COVID-19 can spread 1 to 3 days before symptoms appear, CDC report on Singapore cases shows (CNA)

People infected with the novel coronavirus can transmit the infection one to three days before symptoms start to appear, according to a study published by the US Centers for Disease Control and Prevention (CDC). The study, which underscored the importance of social distancing to fight the coronavirus outbreak, looked at 243 cases of COVID-19, the illness caused by the coronavirus, reported in Singapore between Jan 23 and Mar 16.

Self-disinfecting coating that lasts for 3 months applied to all HDB lift buttons in Singapore (Straits Times)

Residents in Housing Board flats who have been using their keys or other objects to prod lift buttons during the coronavirus outbreak can now set their minds at ease, as a self-disinfecting coating that lasts for three months has been applied to buttons in all HDB lifts as well as lift lobbies in Singapore. The coating, called sdst, kills bacteria, viruses and fungi upon contact and remains in place even with repeated scrubbing and cleaning, as chemical bonding agents help it to adhere tightly to surfaces at a molecular level.

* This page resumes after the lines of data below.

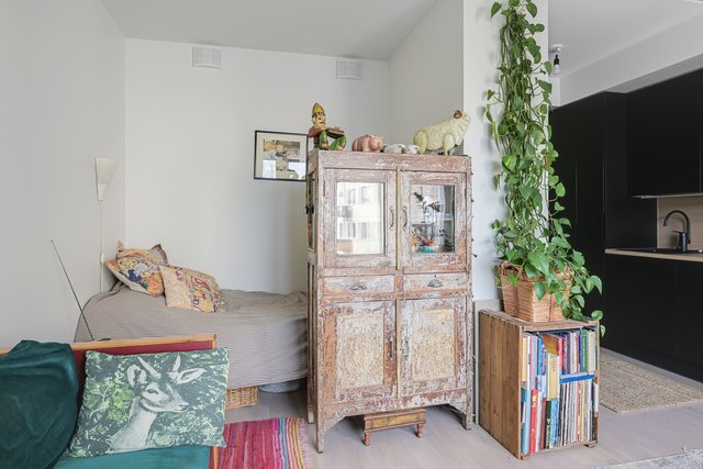 Tyylikäs ja hyväpohjainen yksiö on muuttovalmis. Asunnossa on musta keittiö, integroidut kodinkoneet ja hyvin säilytystilaa. Kylpyhuone on tilava ja sieltä löytyvät liitännät pyykinpesukoneelle ja kuivausrummulle. Yksiön ranskalainen parveke avautuu viihtyisälle
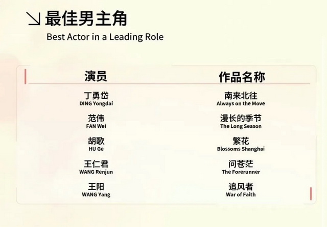 第29届白玉兰奖最佳男主角入围名单(图源:微博)
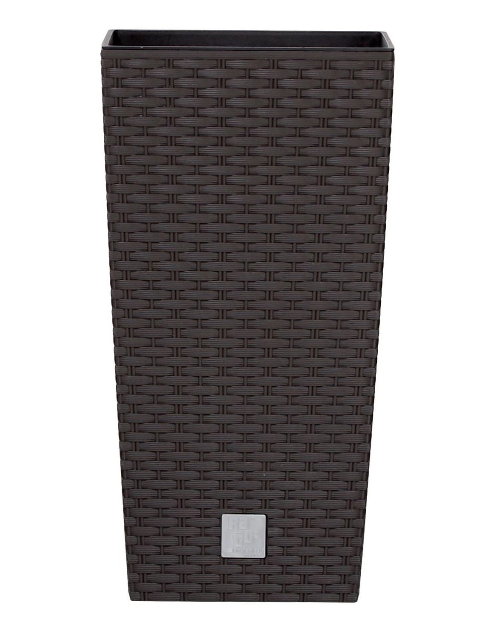 De hoge, vierkante bloempot Rato Square combineert een stijlvolle rieten look met praktische eigenschappen. De duurzame kunststof kan regen, zon en vorst aan en is daarmee een uitstekende keuze voor gebruik het hele jaar door, binnen én buiten. Dankzij de uitneembare inzet verloopt verpotten snel en schoon.

Singapore’s richest man Li Xiting on Bloomberg billionaires list gains $5 billion with ventilators (Straits Times)

As the coronavirus pandemic wrecks economies, markets and fortunes, three founders of a company that makes ventilators have added a combined US$7 billion (S$10 billion) to their wealth this year. Shenzhen Mindray Bio-Medical Electronics Co shares have climbed 40 per cent, fuelled by a surge in demand for the life-saving devices. Covid-19, the disease caused by the virus, has flooded hospitals worldwide with patients struggling to breathe. Chairman Li Xiting, a Singapore citizen and the city-state’s richest man, has added US$3.5 billion to his net worth this year and had a US$12.5 billion fortune as of end-Thursday, according to the Bloomberg Billionaires Index. That puts him among the top five gainers in the world. Mr Jeff Bezos – the world’s richest person – is up US$3.4 billion, while Mr Bill Gates is down US$15.3 billion.